As Congolese government troops and UN peacekeepers engage in fierce fighting with rebel forces in the east of the Democratic Republic of Congo, BBC World affairs correspondent Mark Doyle assesses why it is such a volatile region.
Eastern DR Congo was once memorably described by the journalist Kate Thomas.
The place "looks like heaven", she wrote, "but it feels like hell".
She was right. There are towering volcanoes, rushing rivers and sparkling lakes. Heaven indeed.
And there are, above all, the hills - the green, rolling and fertile hills that stretch from the current conflict zone, right across the border into neighbouring Rwanda, which is itself called the "Land of a Thousand Hills".
That should be a clue as to why eastern DR Congo is also hell.
The geopolitics of central Africa have tied the heart of eastern DR Congo, the provinces of North and South Kivu, whether they like it or not, to Rwanda.
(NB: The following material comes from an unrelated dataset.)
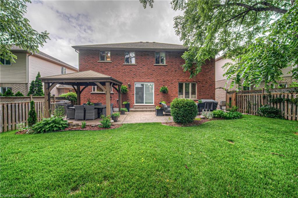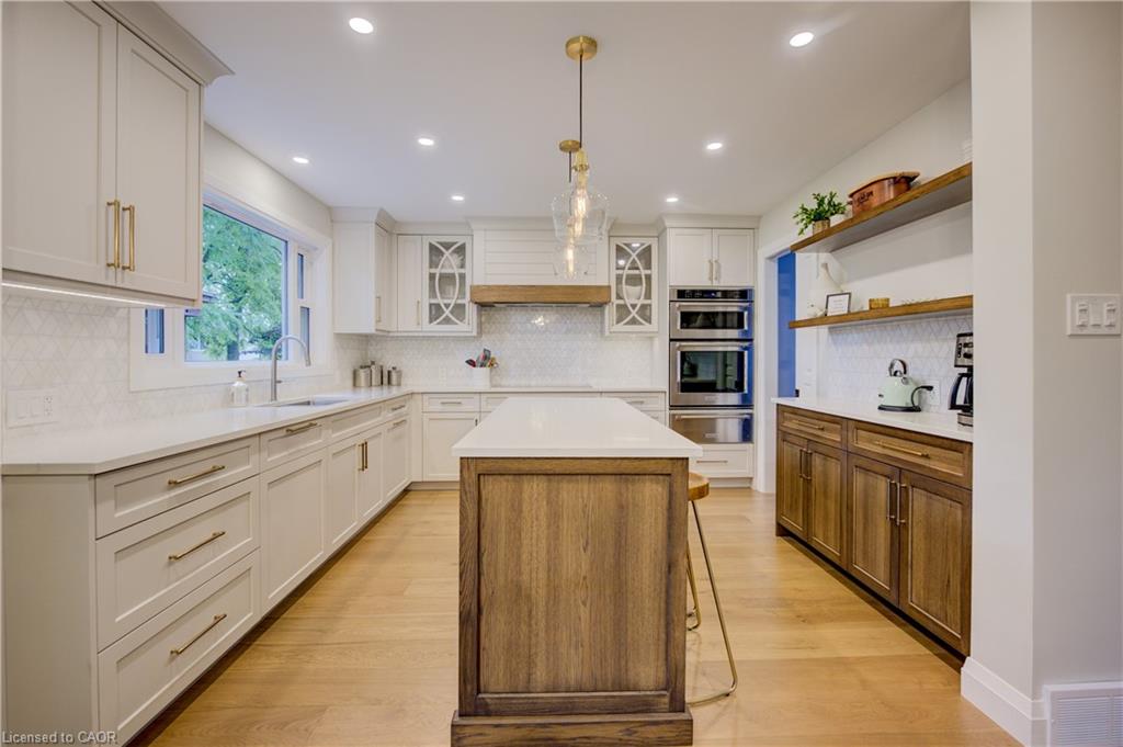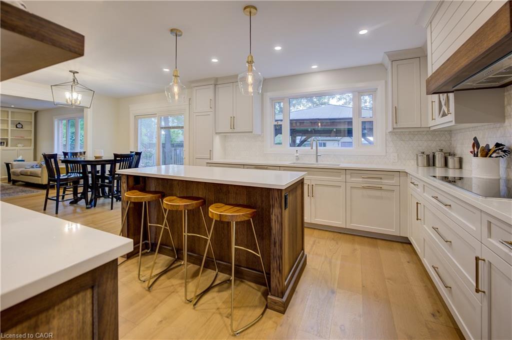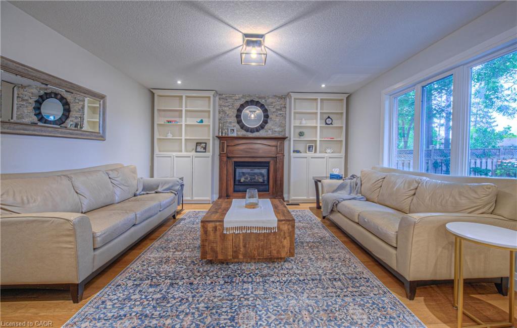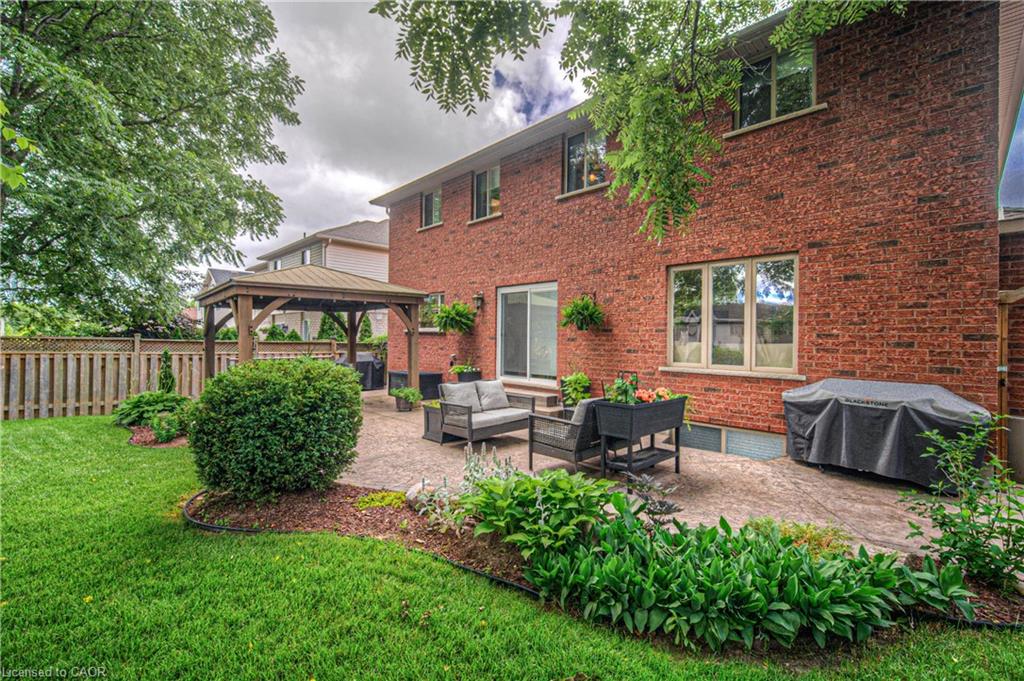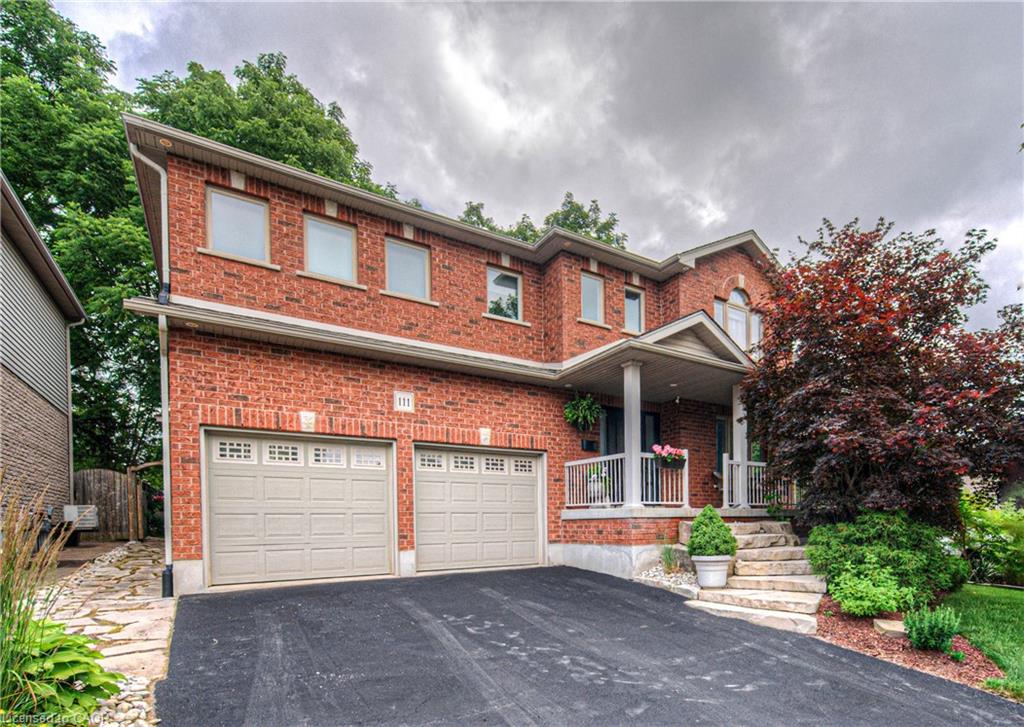 CLASSIC BRICK BEAUTY STEPS FROM HESPELER VILLAGE. Nestled on a quiet, tree-lined street in one of Cambridge’s most sought-after pockets, this stunning all-brickhome is more than just a place to live – it’s a place to love. With over 2,780 sqft of meticulously updated living space, this home invites you to settle in. From the moment you step onto the welcoming front porch – the perfect place to sip morning coffee under the shade of mature trees – you’ll feel at home. Inside, you’re greeted by a fully renovated main floor (2021), showcasing wide plank flooring, custom cabinetry, quartz countertops, and a dream kitchen designed for gathering, entertaining, and late-night baking sessions. The natural wood island, open shelving, and double wall oven are just a few standout features that make this space as functional as it is beautiful. The main floor also offers a formal dining room, a cozy family room with a fireplace, and sliding doors that lead to the expansive backyard oasis – complete with a large stamped concrete patio, gazebo, shed, and serene landscaping. Whether you’re entertaining under the stars or simply soaking up the peace and quiet. Upstairs, you’ll find 4 oversized bedrooms – each one a sanctuary – and a refreshed primary ensuite (2025) featuring a new vanity, tiled shower, and modern finishes. A total of 3.5 bathrooms throughout the home. Convenient upper laundry! And let’s not forget the finished basement – a warm and versatile space with a second fireplace, heated bathroom floors, a wet bar, and endless possibilities for movie nights, games, or hosting guests. Additional updates include a new Daikin furnace and AC (2022), new front door (2024), brand-new carpet (2025), and modern vanity in the main bath. Outside, you’ll appreciate the gutter guards on both the home and shed, natural stone steps leading to the front door, and a gas line. Perfectly located just minutes from the 401, charming Hespeler Village, schools, parks, and scenic river trails.

After the genocide of Rwandan ethnic Tutsis, in 1994, the killers - the Rwandan army and a large proportion of the entire population of ethnic Hutus - were militarily defeated and chased into DR Congo.
Some of them remain in eastern DR Congo as a militia force which, according to Rwanda's now dominant Tutsi rulers, could threaten genocide again.
But in the intervening years another force also emerged in eastern DR Congo, this time a Congolese Tutsi force, led by a self-declared general, who said he was protecting Congolese Tutsis from the Rwandan Hutu militia.